US economic report points to slow, steady recovery

Published by rudy Date posted on December 17, 2009

WASHINGTON (AP) — Further evidence that manufacturers are helping the US economy slowly recover emerged Tuesday in a report that industrial production rose a better-than-expected 0.8 percent in November.

The gain showed that consumers are spending more, causing manufacturers to produce more goods.

Eventually, the economic rebound could raise inflationary pressures. One reminder was a separate report Tuesday that wholesale inflation surprisingly surged last month. Still, many analysts said the economy remains so weak that they didn’t think the price increases would last.

The Federal Reserve begins a two-day meeting Tuesday and likely will weigh the bigger-than-expected increases in industrial output and wholesale prices. Should inflation pressures mount, the central bank could be forced to start raising interest rates sooner than expected.

But Fed policymakers aren’t expected to raise a key rate at the end of their meeting Wednesday. The Fed has kept rates at record-low levels to bolster the shaky recovery.

Stronger activity at mines led last month’s increase in industrial production, rising 2.1 percent. The manufacturing sector – the biggest chunk of industrial output – reversed a one-month decline and rose 1.1 percent. Utilities did fall 1.8 percent, according to the Fed report Tuesday.

The portion of industrial capacity in use rose to 71.3 percent in November, from 70.6 percent in October. It shows that factories, mines and utilities are using more of their plants as the recovery takes root. But capacity use remains far below the 80 percent and higher levels that existed for much of the past decade.

Wholesale prices jumped 1.8 percent in November, the Labor Department said. That’s more than double the 0.8 percent gain analysts expected. Core inflation, which excludes energy and food, rose 0.5 percent, the biggest increase in more than a year.

Over the past 12 months, wholesale prices rose 2.4 percent, the biggest gain over an annual period since October 2008. Wholesale prices had been negative when compared with year-ago levels for 11 straight months.

The November increase followed a 0.3 percent rise in October and was the largest one-month change since August, a gain also driven by energy.

The unexpectedly large jump in wholesale prices was not likely to alter the outcome of the Fed’s deliberations although it might influence future actions. The Fed was expected to announce on Wednesday that it would again keep a key interest rate between zero and 0.25 percent where it has been for a year.

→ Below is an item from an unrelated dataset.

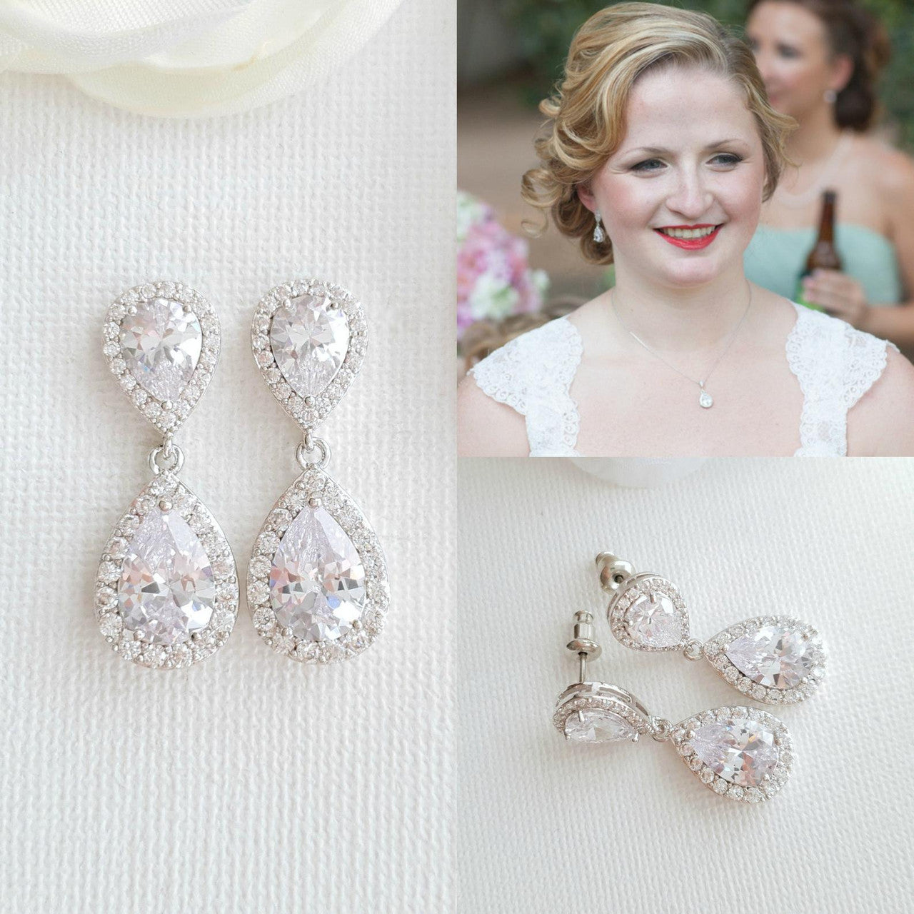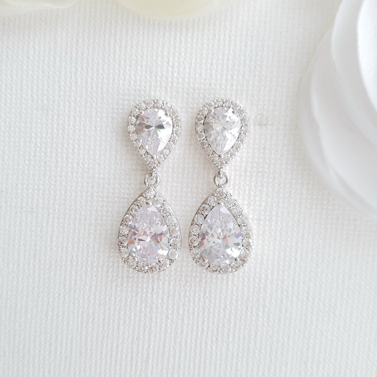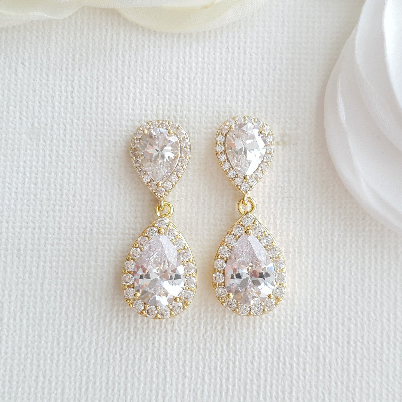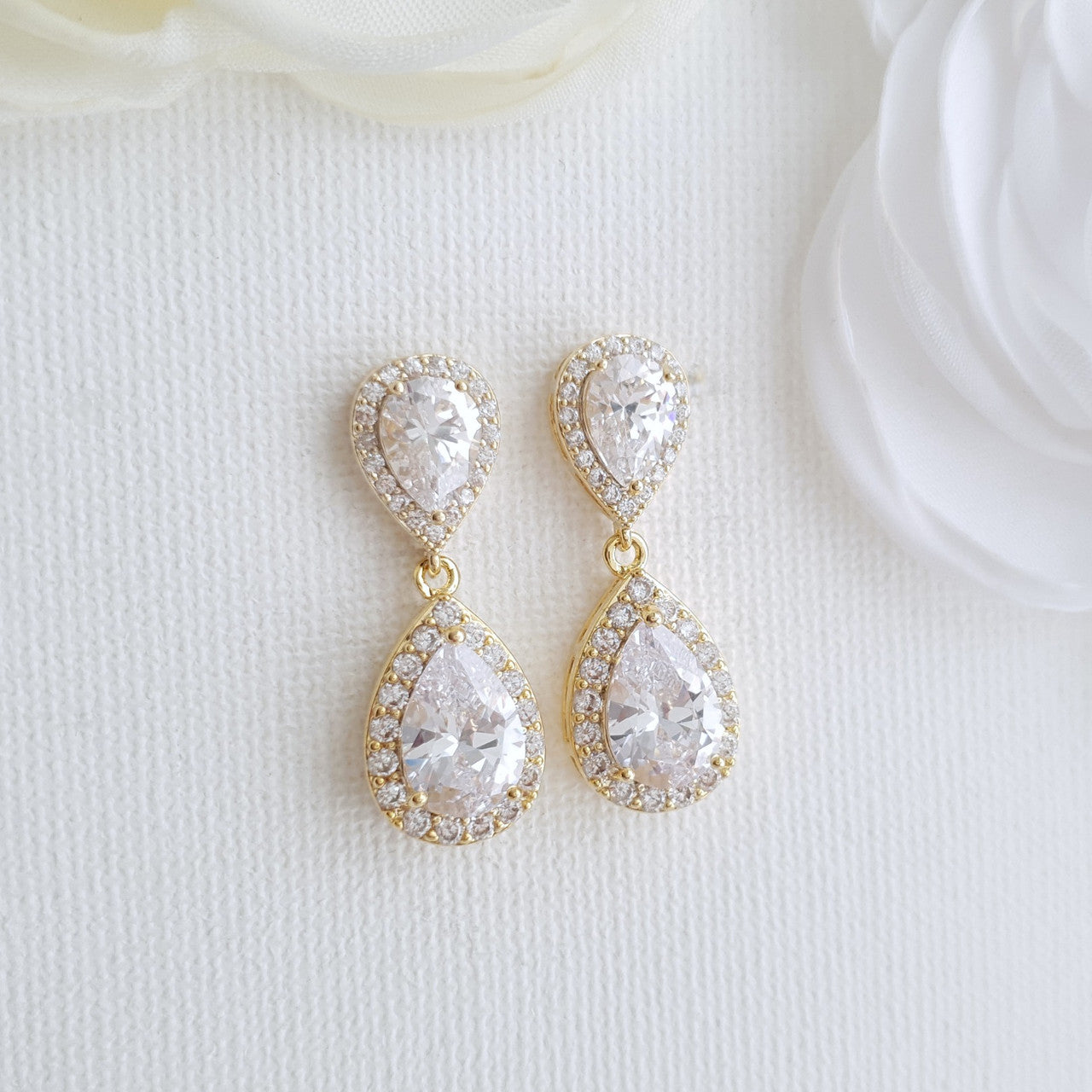 Cubic Zirconia Rose Gold Teardrop Earrings for Brides and Bridesmaids.

While unemployment dropped slightly in November to 10 percent, from a 26-year high of 10.2 percent, analysts believe it will resume rising in coming months, acting as a further drag on economic growth. The high unemployment levels have kept a lid on prices, as workers afraid of being laid off, have moderated wage demands.

In a recent speech, Fed Chairman Ben Bernanke said that the economy continues to confront “formidable headwinds” as it struggles to mount a sustained recovery.

Wholesale energy prices jumped 6.9 percent in November, the biggest surge since August. Gasoline prices rose 14.2 percent, while the cost of home heating oil jumped 18.3 percent last month.

Still, oil prices have been falling in recent days, hovering around $70 per barrel. That’s down from a 2009 high of $82 per barrel hit in October.